Revision as of 11:58, 29 June 2012

Contents

Monday, 18th June

XXXX

Investigator: Daniela, Saskia

Tuesday, 19th June

XXXX

Investigator: Daniela, Saskia

Wednesday, 20th June

XXXX

Investigator: Daniela, Saskia

Thursday, 21th June

XXX

Investigator: Daniela, Saskia

Friday, 22th June

1 Transformation of E.coli XL1-Blue with pKS2µHyg-PAL-4Cl-CHS

Investigator: Ingmar, Volker

Aim of the experiment: Plasmid amplification

Operation Sequence:

  • melting of 100 µl Ca-competent E.coli XL1-Blue cells
  • addition of 1 µl of the Plasmid pKS2µHyg-PAL-4Cl-CHS
  • incubation for 30 min on ice
  • heat shock for 5 min at 37 °C
  • transfer of cells to 1 ml LB-medium without antibiotics and incubate at 37°C and 180 rpm for 30 min
  • plate 100 µl on an Amp-LB-plate
  • sediment the leftover in a centrifuge (30 - 60 sec, 13 000 rpm) and resuspend the sediment in 100 µl LB-medium and plate it as well on an Amp-LB-plate

Saturday, 23th June

2 Quick Change mutagenis to remove NgoMIV from pYES2

Investigator: Ingmar, Volker

Aim of the experiment: Generation of an RFC 25 compatible version of the pYes2 Vector.

PCR
Reaction batch

volume reagent
2.5 µl 10x Pfu Ultra II buffer
4 µl Plasmid P7 pYes2_RFC25 MCS 1.1 template
0.5 µl 1:10 dilution of O38 (10 pmol/µL)
0.5 µl 1:10 dilution of O39 ((10 pmol/µL)
17 µl ddH2O
0.5 µl dNTP mix
0.5 µl Pfu Turbo DNA polymerase (2.5 U / µl)

PCR cycling parameters

Segment Cycles Temperature Time
1 1 95 °C 30 sec
2 15 95°C 30 sec
55°C 1 min
68°C 6 min
  • The vector resulting from the PCR-product was named pYes2_RFC25 MCS 1.2.
  • Digestion of the parental DNA with DpnI: Addition of 1 µl DpnI to the PCR batch and incubate for 1 h at 37 °C.

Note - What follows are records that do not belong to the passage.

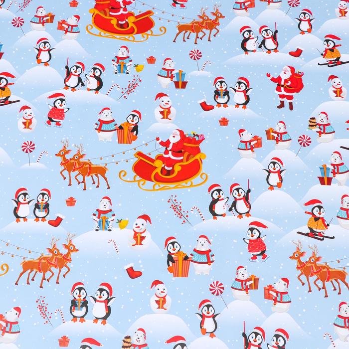 Бумага упаковочная глянцевая «Рождество на Северном полюсе», 70×100 см,1 лист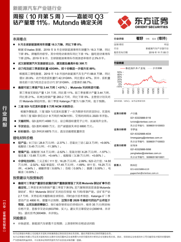 【东方证券】【20191105】20191105-东方证券-新能源汽车产业链行业周报(10月第5周):嘉能可Q3钴产量增11%,Mutanda确定关闭-22页 行业研究
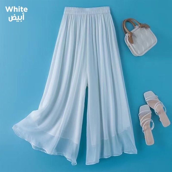 Stand out in style and comfort with these casual trousers. Designed with a wide-leg silhouette and a high waist for a secure and streamlined look, their soft fabric makes them perfect for everyday wear. The simple design allows for easy pairing with crop tops, loose blouses, or even light jackets. Suitable for work, casual outings, or smart casual looks.Today’s Deal is High-Waist Loose Chiffon Wide Leg Trousers For Women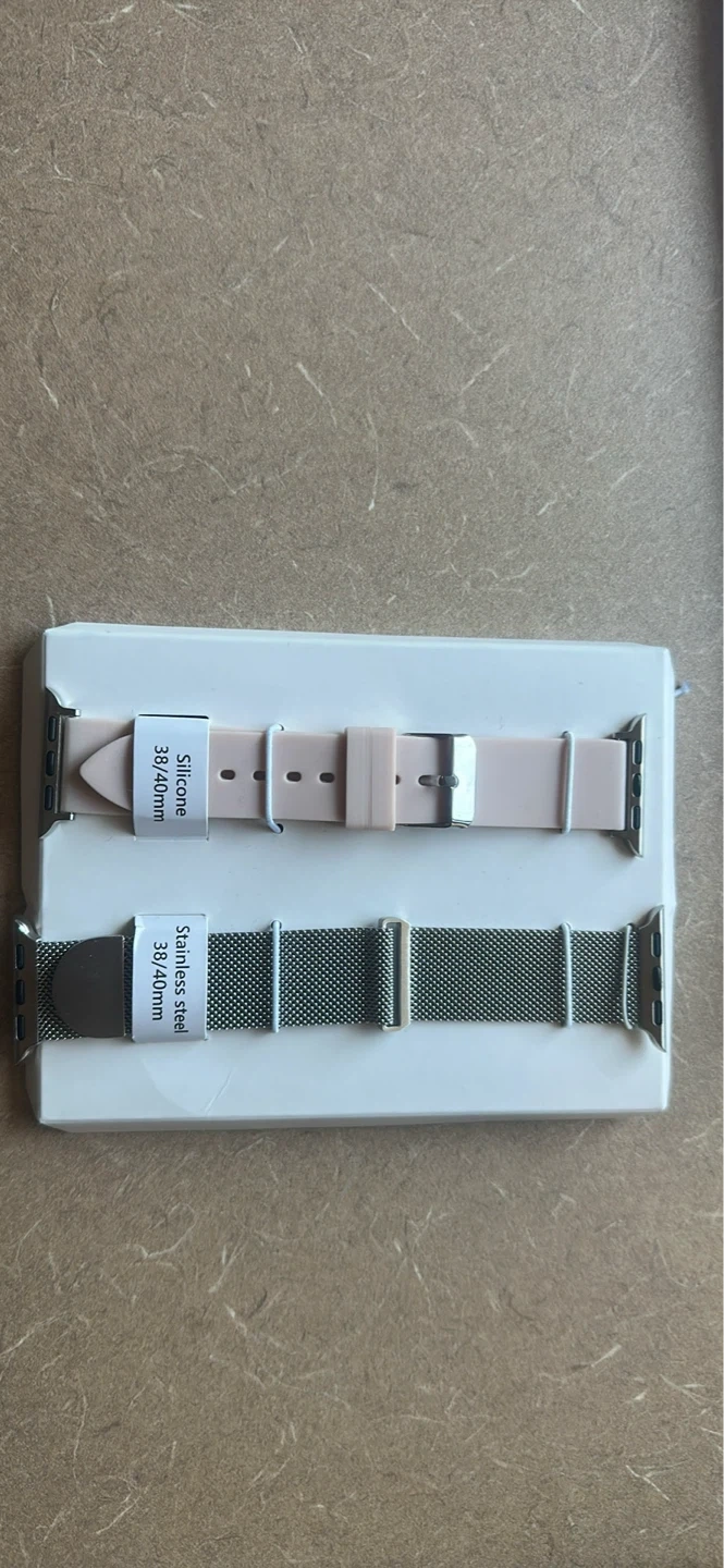 Comes with a pink silicone band and a stainless steel mesh band. Both are compatible with 38/40mm Apple Watch models. They're perfect for switching up your watch's look!

Transformation into E.coli Xl1-Blue Operation Sequence

  • melting of 100 µl Ca-competent E.coli XL1-Blue cells
  • addition of 1 µl of the Plasmid P7 pYes2_RFC25 MCS 1.2
  • incubation for 30 min on ice
  • heat shock for 5 min at 37 °C
  • transfer of cells to 1 ml LB-medium without antibiotics and incubate at 37°C and 180 rpm for 30 min
  • plate 100 µl on an Amp-LB-plate
  • sediment the leftover in a centrifuge (30 - 60 sec, 13 000 rpm) and resuspend the sediment in 100 µl LB-medium and plate it as well on an Amp-LB-plate

Sunday, 24th June

1 Miniprep of E.coli XL1-Blue with pKS2µHyg-PAL-4Cl-CHS

Investigator: Ingmar, Volker

Aim of the experiment: Plasmid purification

Operation Sequence:

  • A single clone of E.coli XL1-Blue with pKS2µHyg-PAL-4Cl-CHS was picked an transferred to 5 ml LB Amp on saturday evening. Incubation overnight at 37°C 180 rpm.
  • Using a Quiagen kit a miniprep of the overnight culture was done.

2 Quick Change mutagenis to remove NgoMIV from pYES2

Investigator: Ingmar, Volker

Aim of the experiment: Removal of a NgoMIV restriction site in the backbone of pYes2.

Operational sequence:

  • A single clone of E. coli pYes2_RFC25 MCS 1.2 was picked an transferred to 5 ml LB Amp. Incubation overnight at 37°C 180 rpm.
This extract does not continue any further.